Earlier this month Shiv and Ryan published a piece in the Annals of Internal Medicine, entitled What Can Medical Education Learn from Facebook and Netflix? We chose the title because, as medical students, we realized the tools our classmates are using to socialize and watch TV use more sophisticated algorithms than the tools we use to learn medicine.

What if the same mechanisms that Facebook and Netflix use—such as machine learning-based recommender systems, crowdsourcing, and intuitive interfaces—could transform how we educate our health care professionals?

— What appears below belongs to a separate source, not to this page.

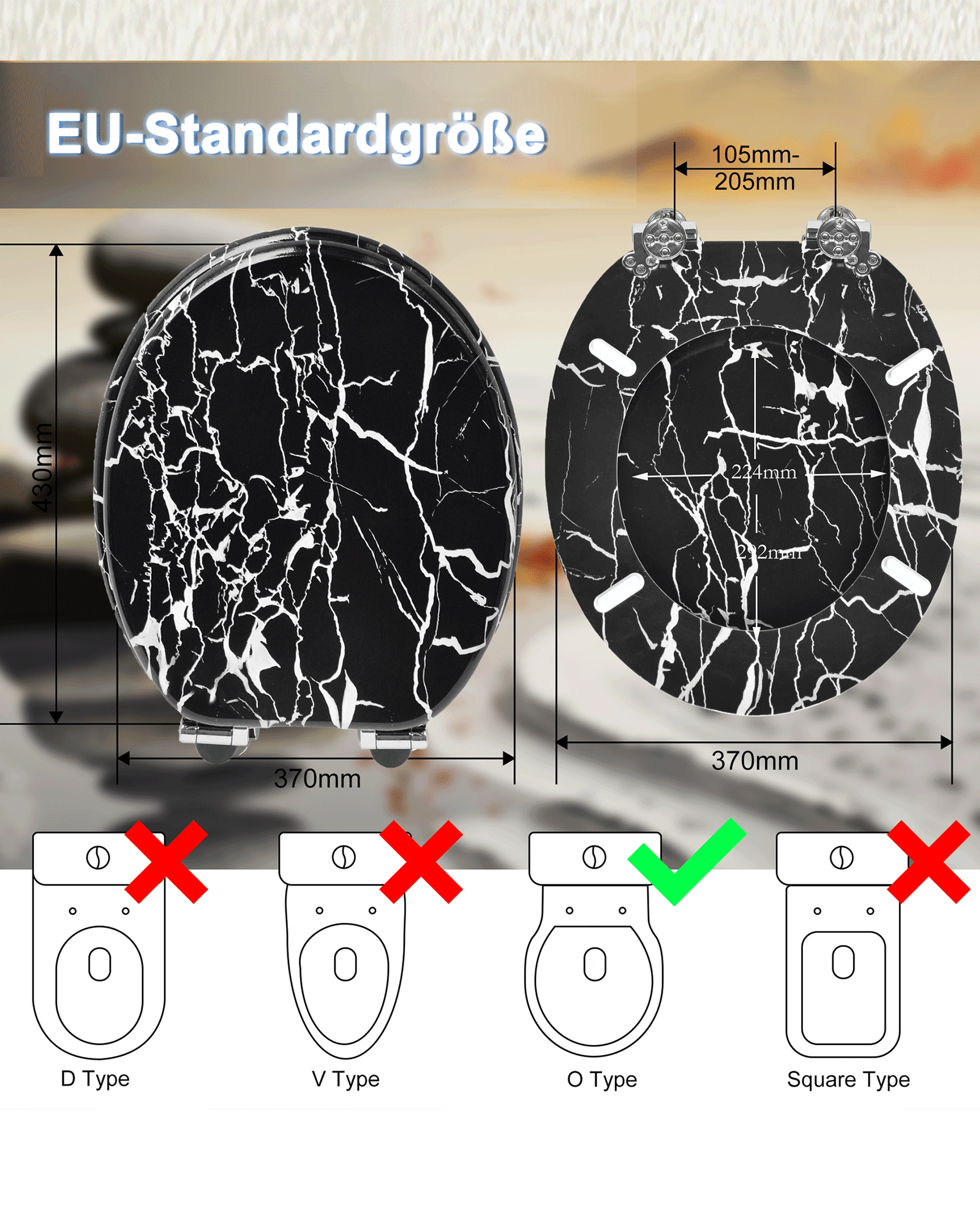 Ein gutes Toilettenerlebnis kann uns helfen, uns im Leben besser zu fühlen. Die Benutzung von Toiletten bringt viel Bequemlichkeit und Komfort in unser Toilettenleben. Aber es gibt auch viele Probleme, wie zum Beispiel: Toilettendeckel sind leicht mit Bakterien behaftet, die unsere Gesundheit ernsthaft beeinträchtigen. Aus Umweltschutz- und Gesundheitsgründen sollten wir unsere Toiletten häufig austauschen. Die Kosten für den Austausch von Toiletten sind jedoch relativ hoch und die Verfahren sind komplizierter. Dies hat vielen Familien große Probleme bereitet. SINOBATH geht von den Bedürfnissen jedes Kunden aus. Seit mehr als zehn Jahren engagieren wir uns für die Forschung und Entwicklung sowie die Produktion von Toilettendeckeln. Lassen Sie unsere Kunden die Probleme der Bakterienvermehrung auf Toilettendeckeln rechtzeitig lösen, ohne die Toilette austauschen zu müssen. Unser austauschbarer Toilettendeckel ist Ihre beste Wahl. Mit einer Puffervorrichtung gibt es kein störendes Quietschgeräusch; spezielle PVC-Folie zur Reduzierung des Bakterienwachstums; MDF-Holzmaterial, sicher und zuverlässig. Gleichzeitig haben wir viele Muster für Sie zur Auswahl, damit Ihre Toilette nicht mehr eintönig ist!
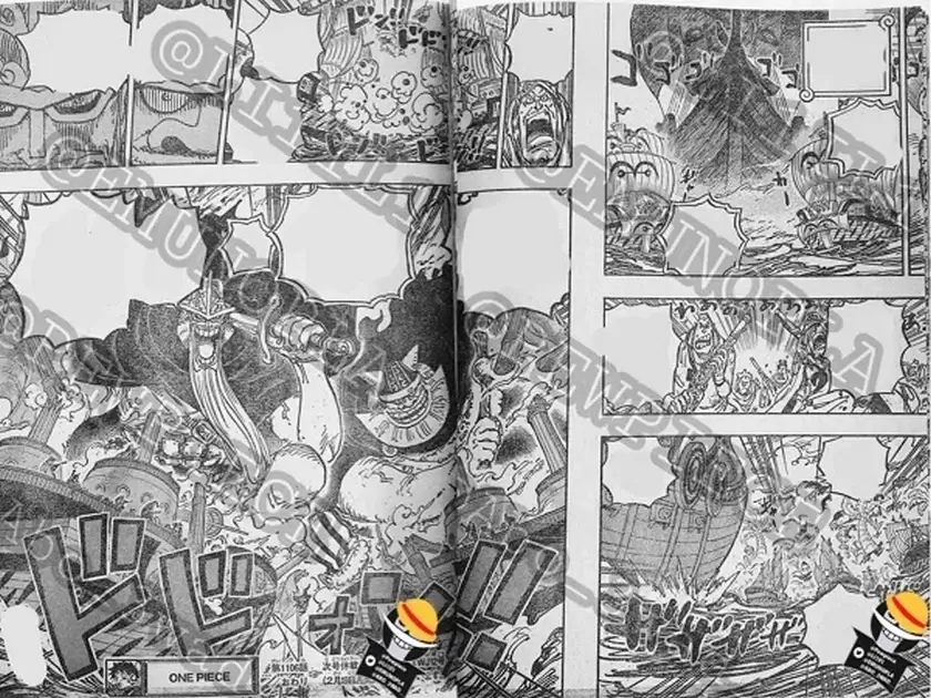Trong trang đôi cuối cùng của chương, con tàu “Chiến Binh Hải Tặc Khổng Lồ” tiêu diệt tất cả các thiết giáp hạm của Hải Quân ở bờ biển phía đông bắc.

For example, just as Amazon recommends products based on other items that customers have bought, we believe that supplementary resources such as questions, videos, images, mnemonics, references, and even real-life patient cases could be automatically recommended based on what students and professionals are learning in the classroom or seeing in the clinic.

That is one of the premises behind Osmosis, the flagship educational platform of Knowledge Diffusion, Shiv’s and Ryan’s startup. Osmosis uses data analytics and machine learning to deliver the best medical content to those trying to learn it, as efficiently as possible for the learner.

Since its launch in August, Osmosis has delivered over two million questions to more than 10,000 medical students around the world using a novel push notification system that syncs to student curricular schedules.

Osmosis is aggregating medical school curricula and extracurricular resources as well as generating a tremendous amount of data on student performance. The program uses adaptive algorithms and an intuitive interface to provide the best, most useful customized content to those trying to learn.